Working with an enormous amount of text data is always hectic and time-consuming. Hence, many companies and organisations rely on Information Extraction techniques to automate manual work with intelligent algorithms. Information extraction can reduce human effort, reduce expenses, and make the process less error-prone and more efficient.
This article will delve into building information extraction algorithms on unstructured data using OCR, Deep Learning and NLP techniques. It will also cover use-cases, challenges and discuss how to set up information extraction NLP workflows for your business.
Table of Contents
- What is Information Extraction?
- How Does Information Extraction Work?
- Setting up an Information Extraction Workflow
- A few applications of Information Extraction
Have an OCR problem in mind for information extraction? Want to digitize invoices, PDFs or number plates? Head over to Nanonets and build OCR models for free!
What is Information Extraction?
Information Extraction is the process of parsing through unstructured data and extracting essential information into more editable and structured data formats.
For example, consider we're going through a company’s financial information from a few documents. Usually, we search for some required information when the data is digital or manually check the same. But with information extraction NLP algorithms, we can automate the data extraction of all required information such as tables, company growth metrics, and other financial details from various kinds of documents (PDFs, Docs, Images etc.).
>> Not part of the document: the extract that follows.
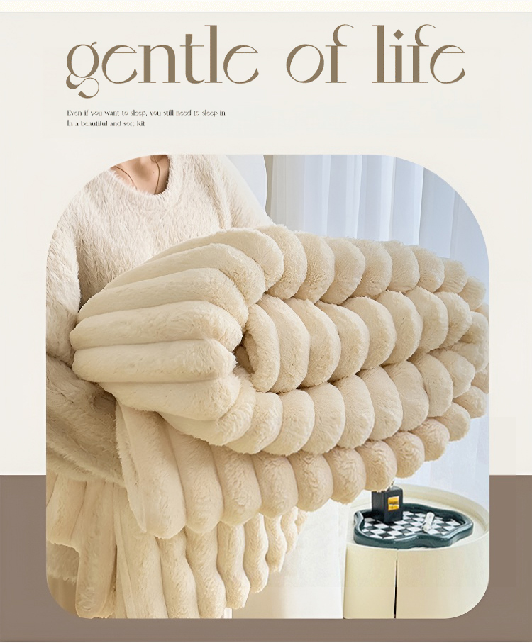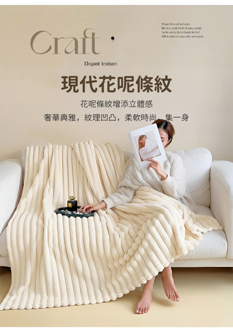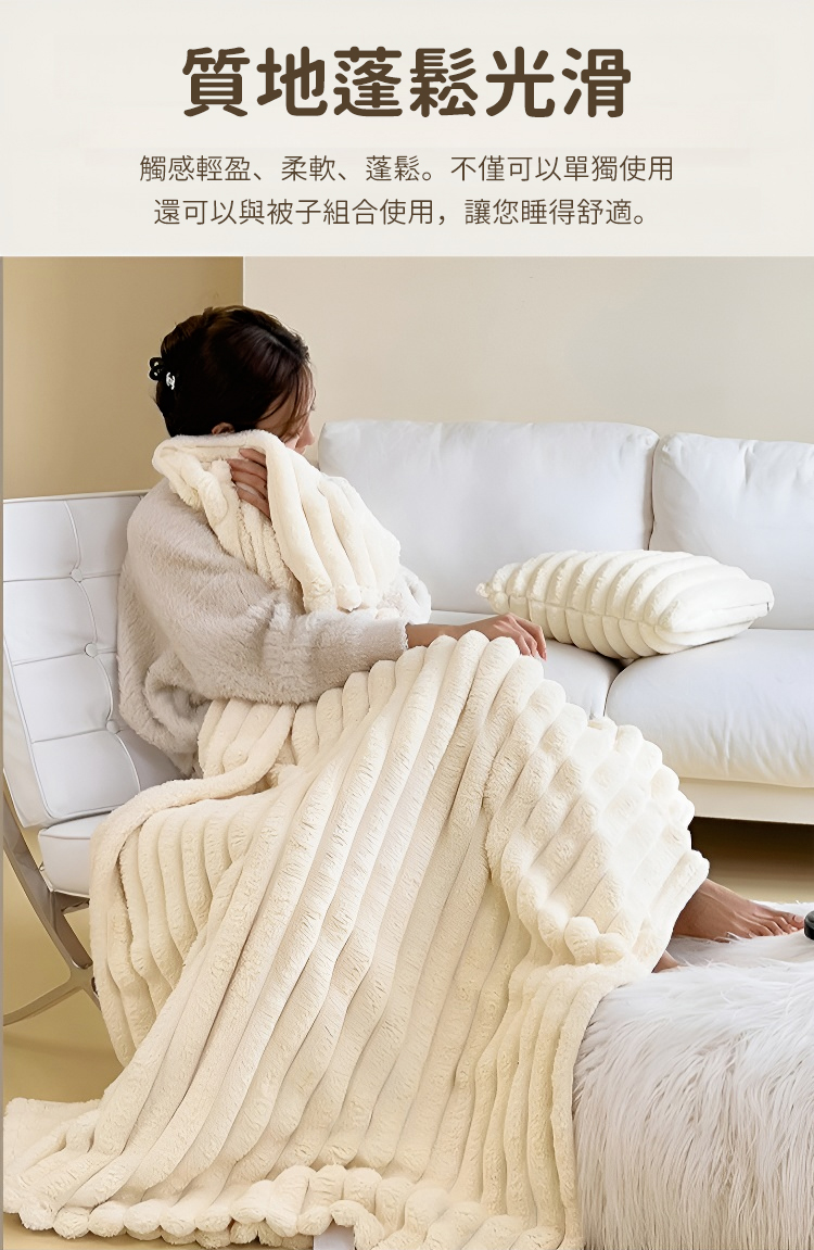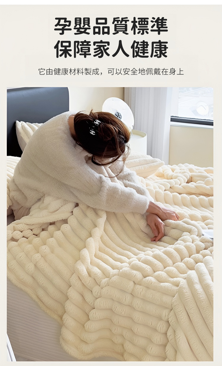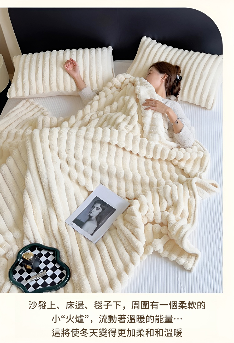 觸感軟糯如雲朵般親膚,無靜電不掉毛,敏感肌也能放心貼膚使用。雙倍加厚工藝搭配緊密織造,鎖溫能力超強,寒冬裹著瞬間暖透全身,卻輕盈不壓身,一毯多用超實用。

Below is a screenshot explaining how we can extract information from an Invoice.
Information Extraction from text data can be achieved by leveraging Deep Learning and NLP techniques like Named Entity Recognition. However, if we build one from scratch, we should decide the algorithm considering the type of data we're working on, such as invoices, medical reports, etc. This is to make sure the model is specific to a particular use case. We’ll be learning more about this in the following sections.
How Does Information Extraction Work?
To understand the mechanics of Information Extraction NLP algorithms, we should understand the kind of data we are working on. This will help us to sort out the information we want to extract from the unstructured data. For example, for invoice related information, the algorithm should understand the invoice items, company name, billing address etc. While working on medical reports, it should identify and extract patient names, drug information, and other general reports.
After curating the data, we’ll then start applying the information extraction NLP techniques, to process and build models around the data. Below are some of the most common techniques that are frequently used.
Computers usually won't understand the language we speak or communicate with. Hence, we break the language, basically the words and sentences, into tokens and then load it into a program. The process of breaking down language into tokens is called tokenization.
For example, consider a simple sentence: "NLP information extraction is fun''. This could be tokenized into:
- One-word (sometimes called unigram token): NLP, information, extraction, is, fun
- Two-word phrase (bigram tokens): NLP information, information extraction, extraction is, is fun, fun NLP
- Three-word sentence (trigram tokens): NLP information extraction, information extraction is, extraction is fun
import spacy nlp = spacy.load("en_core_web_sm") doc = nlp("Apple is looking at buying U.K. startup for $1 billion") for token in doc: print(token.text)
Apple is looking at buying U.K. startup for $ 1 billion
Parts of Speech Tagging
Tagging parts of speech is very crucial for information extraction from text. It'll help us understand the context of the text data. We usually refer to text from documents as ''unstructured data'' – data with no defined structure or pattern. Hence, with POS tagging we can use techniques that will provide the context of words or tokens used to categorise them in specific ways.
In parts of speech tagging, all the tokens in the text data get categorised into different word categories, such as nouns, verbs, adjectives, prepositions, determiners, etc. This additional information connected to words enables further processing and analysis, such as sentiment analytics, lemmatization, or any reports where we can look closer at a specific class of words.
Here’s a simple python code snippet using spacy, that’ll return parts of speech of a given sentence.
import spacy NLP = spacy.load("en_core_web_sm") doc = NLP("Apple is looking at buying U.K. startup for $1 billion") for token in doc: print(token.text, token.pos_)
Apple PROPN is AUX looking VERB at ADP buying VERB U.K. PROPN startup NOUN for ADP $ SYM 1 NUM billion NUM
Dependency graphs help us find relationships between neighbouring words using directed graphs. This relation will provide details about the dependency type (e.g. Subject, Object etc.). Following is a figure representing a dependency graph of a short sentence. The arrow directed from the word faster indicates that faster modifies moving, and the label `advmod` assigned to the arrow describes the exact nature of the dependency.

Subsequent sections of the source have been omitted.